*Input data*
▼

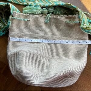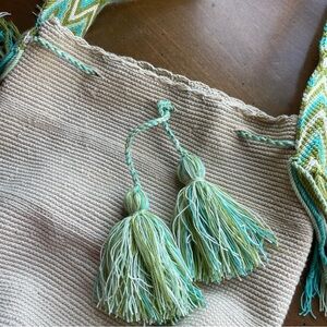 Handwoven Beige Cream and Green Wayuu Large Traditional Columbian Bag
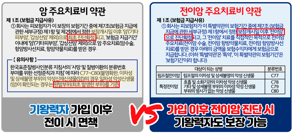 어쩌면 당연하다고 볼수 있지만 자세히 본다면 조금은 다를 수있어요. 왜냐면 기본적으로 진단비등은 보험가입이후 최초로 암에 진단이 된것을 보장하고, 보통 전이암도 동일하게 가입한이후에 새롭게 진단된 암이 전이되었을경우가 보장이 되는것이었기 때문이죠.
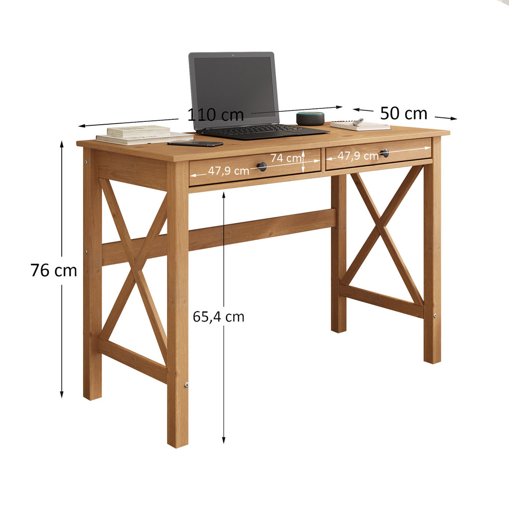 A Escrivaninha em X Estruturada Madeira Maciça Freijó Adrian combina design rústico-industrial e funcionalidade em um móvel sofisticado e versátil. Feita em madeira maciça, sua estrutura robusta com acabamento em Freijó valoriza os veios naturais da madeira, trazendo um toque acolhedor e atemporal ao ambiente. Com duas gavetas espaçosas, A Mesa de Escritório Rústico Industrial Madeira Maciça Adrian oferece praticidade para manter materiais organizados, enquanto seu tampo amplo e resistente acomoda notebooks, livros e itens essenciais do dia a dia. As laterais com travamento em "X" garantem estabilidade e um visual marcante, perfeito para quem busca um espaço de trabalho elegante e funcional. Seu tamanho compacto (110x50x76 cm) permite o uso em diferentes ambientes, como home office, quarto ou sala, podendo até ser utilizada como aparador decorativo. Fácil de montar e limpar, a Mesa Escrivaninha Adrian é a escolha ideal para quem valoriza qualidade, praticidade e um design sofisticado. Dimensões do Produto Largura: 110 cm Altura: 76 cm Profundidade: 50 cm Peso: 14 Kg Materiais e Acabamento Material da Estrutura: Madeira Maciça Finger Tipo da Madeira: Pinus Fundos das Gavetas: MDF CARB Puxadores: Em couro Escala de Brilho: Fosco Material dos Pés: Pinus Maciço Recomendação de Limpeza: Utilize pano levemente úmido Características do Produto Quantidade de Prateleiras: 0 Quantidade de Portas: 0 Quantidade de Gavetas: 2 Tipo de Corrediças: Telescópicas Possui Rodízio: Não Possui Gavetas: Sim Estilo: Moderno Ambiente Principal: Quarto ou Escritório Precisa de Montagem: Sim Sistema de Montagem: Minifix / Cavilhas / Parafusos. Complexidade da Montagem: Fácil Volumes: 01 Garantia do Fabricante: 12 meses Montagem: Recomendamos que seja feita por um profissional. Diferenciais: - Produto Versátil - Design Moderno - Madeira Maciça - Mais Resistente que MDF - Móvel Sustentável - Madeira Certificada - Pintura Livre de Solventes - MDF Livre de Formaldeído - Produto Qualidade Europeia Madeira Maciça: Nossa madeira é proveniente de recursos naturais e é tratada de forma ecologicamente correta para o bem do meio ambiente. Sua resistência e vida útil é superior a móveis de chapa MDF utilizadas pelo mercado. Nossa madeira possui mais resistência ao desgaste natural do tempo, agregando mais durabilidade ao seu produto. Pensando na qualidade dos produtos, possuímos equipes de controle de qualidade para selecionar madeiras ideais para seu produto. Informações Importantes: - Montagem não inclusa ao produto. - Não nos responsabilizamos, no ato da entrega, por subir escadas/elevadores ou transporte por guincho em apartamentos. Eventuais despesas são de responsabilidade do comprador. - Ao receber a mercadoria, o cliente deve verificar as condições da embalagem, caso haja alguma avaria não assine o comprovante de recebimento. - Objetos que ambientam as fotos não acompanham o produto. - Imagens meramente ilustrativas. Cores e tonalidades podem variar. - O conjunto não pode ficar exposto ao Sol ou Chuva.

▲

*Instructions to follow*
Output, exactly as written, only the lines from the beginning of the listing through the line containing "어쩌면 당연하다고 볼수", both included, and no pictures.

*Response to the task*
 Handwoven Beige Cream and Green Wayuu Large Traditional Columbian Bag
 어쩌면 당연하다고 볼수 있지만 자세히 본다면 조금은 다를 수있어요. 왜냐면 기본적으로 진단비등은 보험가입이후 최초로 암에 진단이 된것을 보장하고, 보통 전이암도 동일하게 가입한이후에 새롭게 진단된 암이 전이되었을경우가 보장이 되는것이었기 때문이죠.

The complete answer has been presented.